> [DIRECTIONS]
An exact, complete printout of the listing is wanted, minus its images.

> [INPUT DATA]
:::

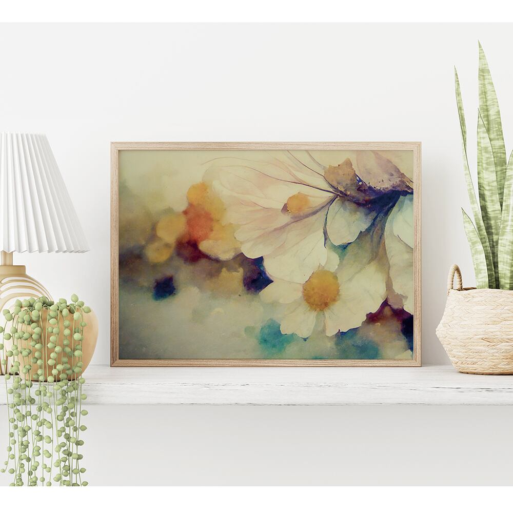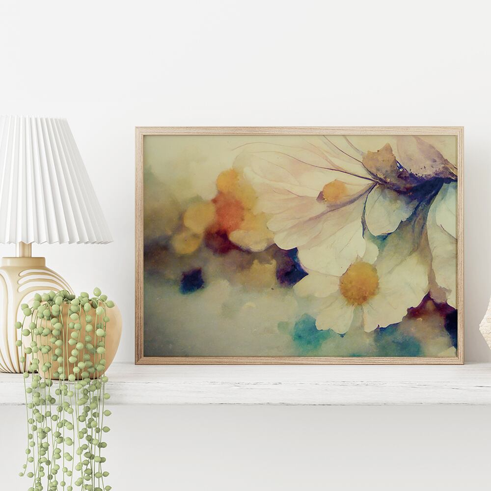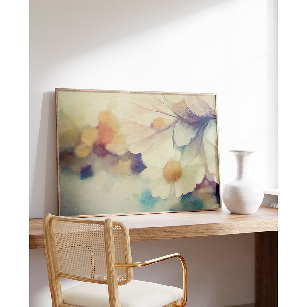 カラフルな春のアートポスターです。幻想的なレインボーカラーで、花びらなどが描かれています。一足早く、春の訪れが感じられそうですね。
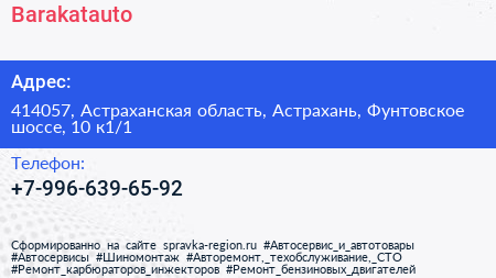Barakatauto по адресу 414057, Астраханская область, Астрахань, Фунтовское шоссе, 10 к1/1 в дальнейшем Организация, размещена в следующих категориях:
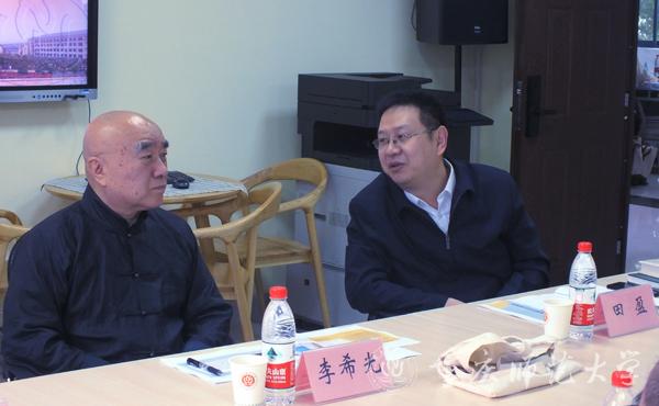 報告會前,我校副校長田盈教授來到學院與李希光教授進行了簡短座談,介紹了學校的歷史沿革和基本概況,對李希光教授來校講學表示熱烈歡迎。
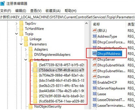 3. 依次点击下方注册表项,检查右窗格中是否包含“DhcpIPAddress”值;

:::

> [WRITTEN ANSWER]
 カラフルな春のアートポスターです。幻想的なレインボーカラーで、花びらなどが描かれています。一足早く、春の訪れが感じられそうですね。
Barakatauto по адресу 414057, Астраханская область, Астрахань, Фунтовское шоссе, 10 к1/1 в дальнейшем Организация, размещена в следующих категориях:
 報告會前,我校副校長田盈教授來到學院與李希光教授進行了簡短座談,介紹了學校的歷史沿革和基本概況,對李希光教授來校講學表示熱烈歡迎。
 3. 依次点击下方注册表项,检查右窗格中是否包含“DhcpIPAddress”值;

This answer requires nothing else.